Keywords

1 Introduction

With the improvement of technology, the observation and research of the life phenomenon have further to an fine, quantitative development. In agricultural areas, some monitoring methods integrated light, machine, electricity and other various techniques have played a key role in the production, scientific research and other key links. Among them, machine vision technology have achieved very good results in the quality detection of agricultural products, crop growth condition monitoring of agricultural machinery and automatic navigation of agricultural machinery, identification of crop diseases and insect pests for it’s rapid, nondestructive, non – contact [1,2,3,4,5,6,7,8,9].

Machine vision technology can obtain the digital information of plant growth in real time and continuously [10, 11], and it plays an important role in the understanding of plant growth and the formulation of reasonable control measures. Ma et al. [12] used machine vision and image processing technology to monitor the growth information of many plants. It was found that in the process of image processing, the EEC (Estimation Error Cancel) image analysis method based on sub pixel and region matching can improve the detection accuracy effectively. Using this system to monitor the growth of chrysanthemum, we can see that the growth rate of the chrysanthemum in the day was lower than that at night.

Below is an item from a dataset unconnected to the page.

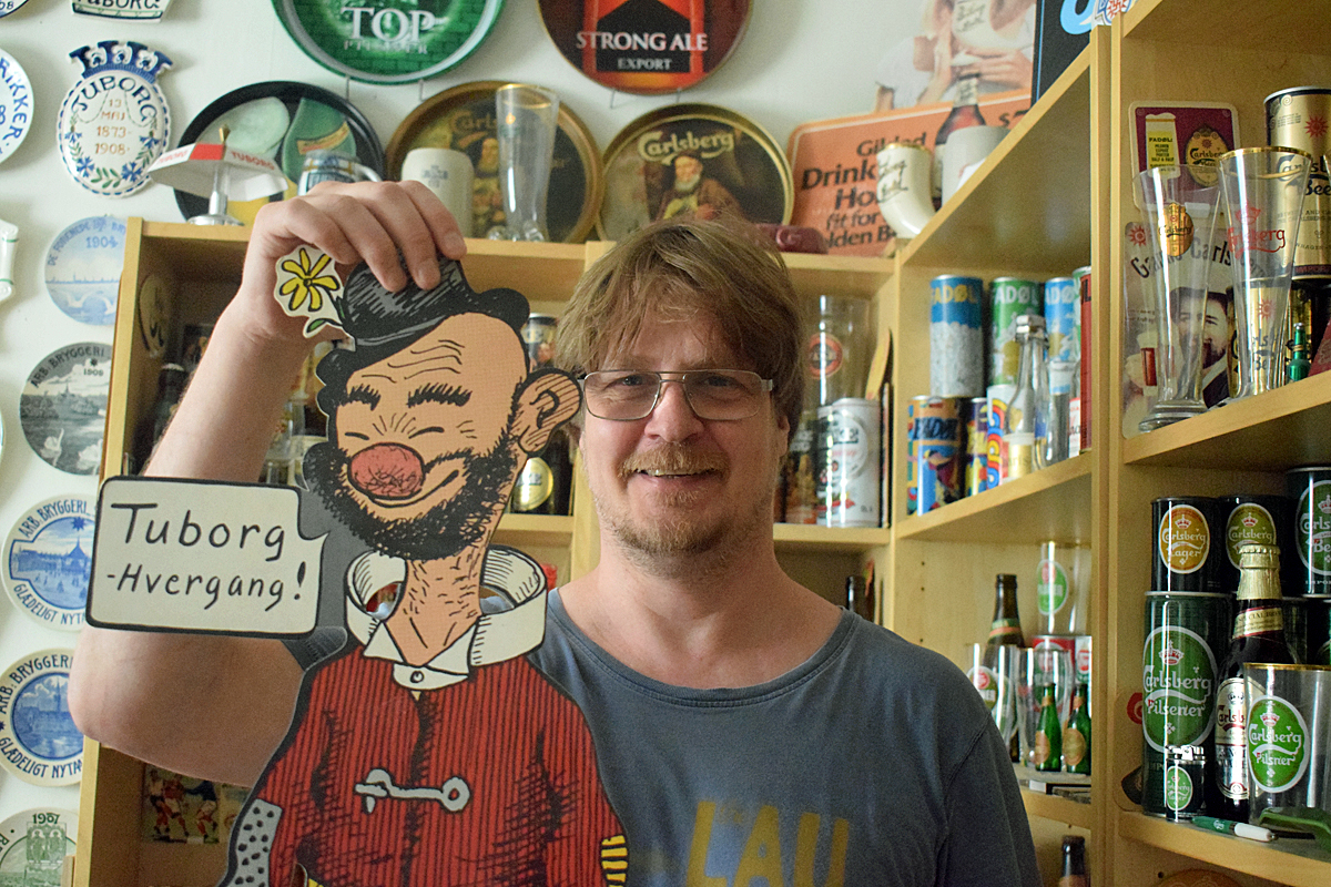Vi träffas i hans lägenhet i Göteborg och det är ingen tvekan om att ölintresset är stort. Han är delägare i Majornas bryggeri och gillar öl i allmänhet. Men det är när det gäller ölprylar som det blir riktigt nördigt. Två av de tre rummen är helt fyllda med skyltar, flaskor, burkar, brickor och allt du kan tänka dig som är ölrelaterat.

Plant growth in the three-dimensional world, while uses the method of two-dimensional image monitoring of crop growth in the case that the crop biomass is small, the change of morphology is little can play a better role. However, for the crop organs with complex form such as corn leaves, it is difficult to ensure that the motion of the monitored blade is in the plane of the camera’s projection.

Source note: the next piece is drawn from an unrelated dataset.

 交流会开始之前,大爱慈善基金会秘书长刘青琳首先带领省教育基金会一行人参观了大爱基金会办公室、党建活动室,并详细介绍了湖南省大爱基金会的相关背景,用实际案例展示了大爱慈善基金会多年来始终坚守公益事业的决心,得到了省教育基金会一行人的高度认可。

The basic principle of binocular stereo vision technology is to observe the same object from two points of view in order to obtain the stereo image pair and match the corresponding image points, which can calculate the parallax and obtain the 3D information [13,14,15,16,17].

The difficulty of the binocular stereo vision technology is stereo matching of left and right two images. The stereo matching method based on feature points in Ref. [13] is difficult to get a dense 3D point cloud and obtain the 3D coordinates of the target points. References [16, 17] used the global matching methods based on the imulated annealing algorithm and dynamic programming to obtain the dense 3D point cloud of the maize leaf. However, the error of the solution is large, and the subtle movement of the corn leaves can not be well identified. The method presented in Ref. [14, 15] is special, and is not suitable for the folding and rolling of the blade edge. According to the shortage of these methods above, in order to realize the motion state monitoring of maize leaves, this paper present a method that attach the fluorescent light beads in maize leaves as markers, to simplify the complexity of stereo matching algorithm, and improve the precision of the 3D reconstruction of target.

2 System Design

Monitoring system includes the hardware support structure and the back-end image processing algorithm. The main function of hardware support structure is to create a relatively stable image acquisition environment in the corn canopy, while the back-end software algorithm is mainly used to complete the image processing, 3D reconstruction, visualization and so on.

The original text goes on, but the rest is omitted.